YOUR ASSIGNMENT: Write out the data word for word and omit every picture.

SUPPLIED ENTRIES:
+--
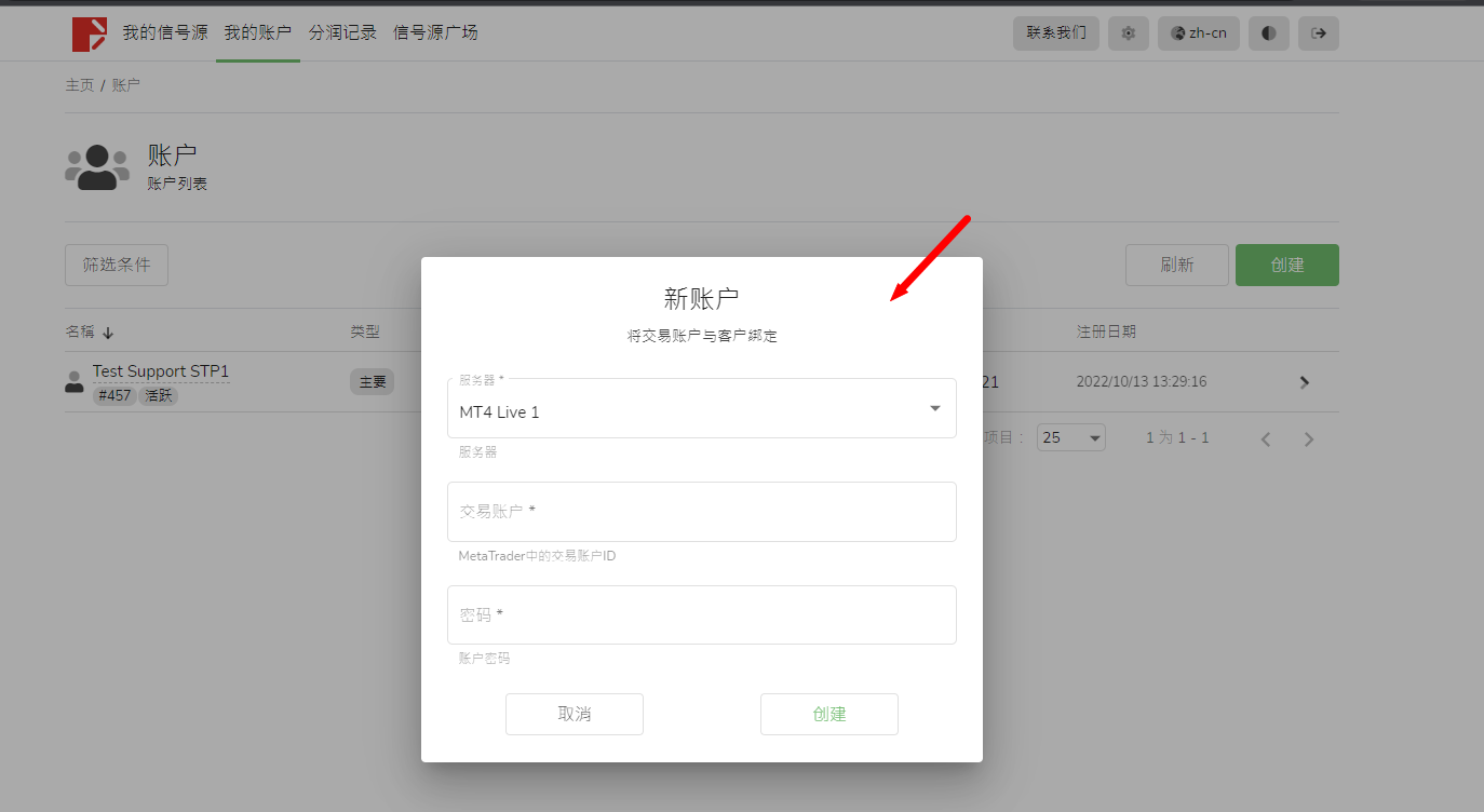 3. 新的交易账户可以用来发布新的信号源,也可以选择成为跟随者,或者用来接收绩效费。
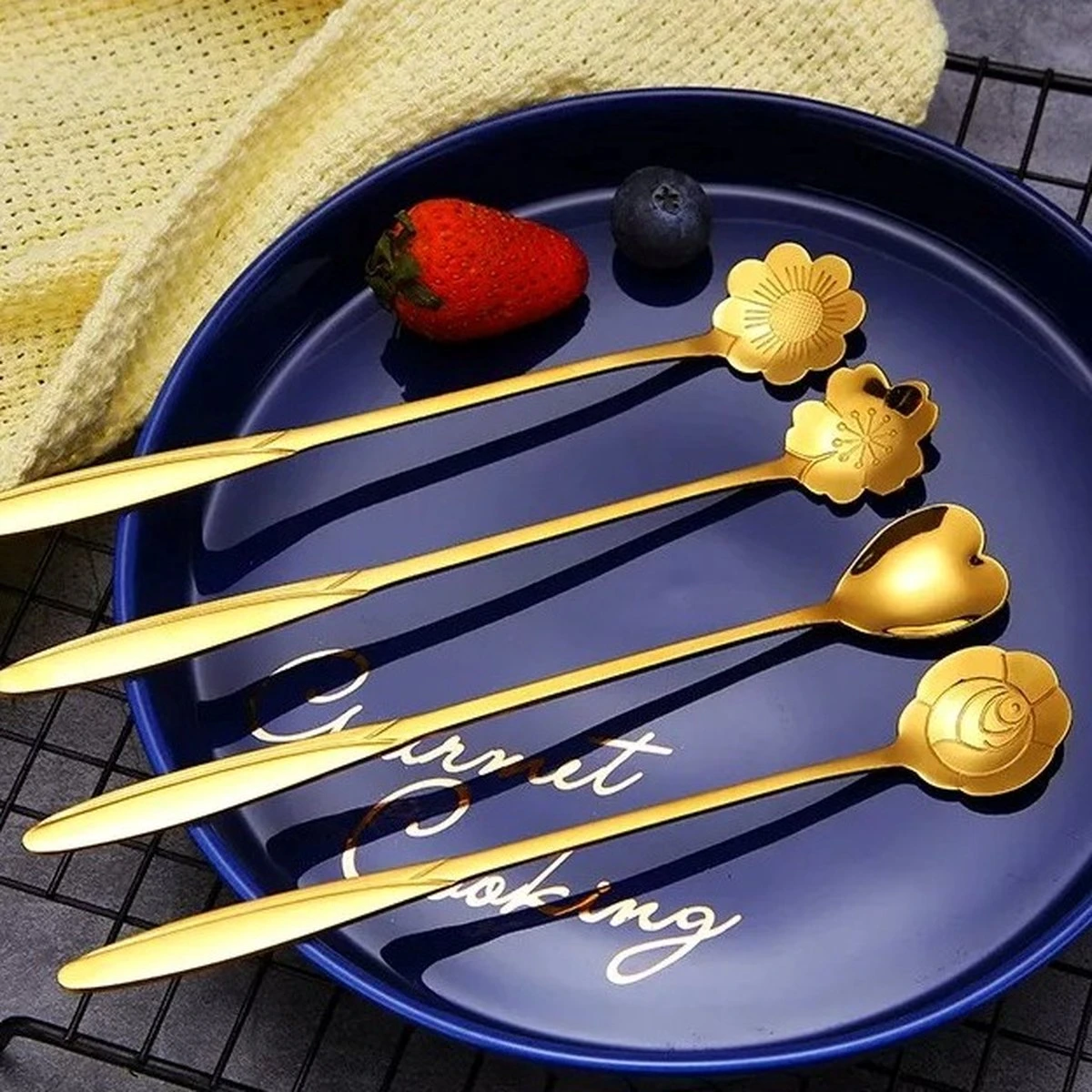 Een set van 4 verschillende lange goudkleurige RVS Bloem Motief Lepels van Fako Bijoux® voor een scherpe prijs. Deze lepels zijn ruim 17cm lang en te gebruiken als lange koffielepel, dessertlepel, ijslepel of als lepel in een lekkere cocktail. Het leuke motief zorgt aan tafel voor een lach op ieders gezicht. Met deze lepel komt u altijd tot de bodem van het glas en hoeft u ook niet bang te zijn dat de lepel onder het schuim of ijs zoekraakt. Geleverd in een velours opbergzakje.
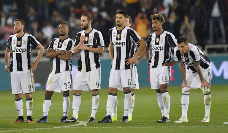 Los jugadores de Juventus tras la derrota en penales ante Milan.
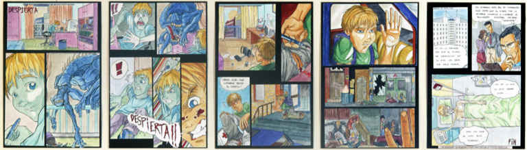 | Resumen: | XVIII Certamen Escolar de Cómic. 3º premio especial Técnica: Dibujo color Materia-soporte: Papel Fecha de ejecución: 2001 Historia de pesadilla de un muchacho dibujante que se enfrenta a la realidad de su propio monstruo. Cómic desarrollado en grandes viñetas compuestas en general con un solo personaje que impacta por su ejecución en primeros planos y planos detalle, con figuras cuyos rostros y escorzos proporcionan grandes efectos dramáticos. |
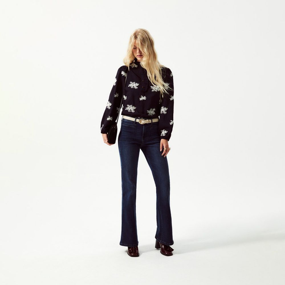 Blusa Mujer Sfera Flores Bordadas Azul Marino
+--
WRITTEN RESPONSE:
 3. 新的交易账户可以用来发布新的信号源,也可以选择成为跟随者,或者用来接收绩效费。
 Een set van 4 verschillende lange goudkleurige RVS Bloem Motief Lepels van Fako Bijoux® voor een scherpe prijs. Deze lepels zijn ruim 17cm lang en te gebruiken als lange koffielepel, dessertlepel, ijslepel of als lepel in een lekkere cocktail. Het leuke motief zorgt aan tafel voor een lach op ieders gezicht. Met deze lepel komt u altijd tot de bodem van het glas en hoeft u ook niet bang te zijn dat de lepel onder het schuim of ijs zoekraakt. Geleverd in een velours opbergzakje.
 Los jugadores de Juventus tras la derrota en penales ante Milan.
 | Resumen: | XVIII Certamen Escolar de Cómic. 3º premio especial Técnica: Dibujo color Materia-soporte: Papel Fecha de ejecución: 2001 Historia de pesadilla de un muchacho dibujante que se enfrenta a la realidad de su propio monstruo. Cómic desarrollado en grandes viñetas compuestas en general con un solo personaje que impacta por su ejecución en primeros planos y planos detalle, con figuras cuyos rostros y escorzos proporcionan grandes efectos dramáticos. |
 Blusa Mujer Sfera Flores Bordadas Azul Marino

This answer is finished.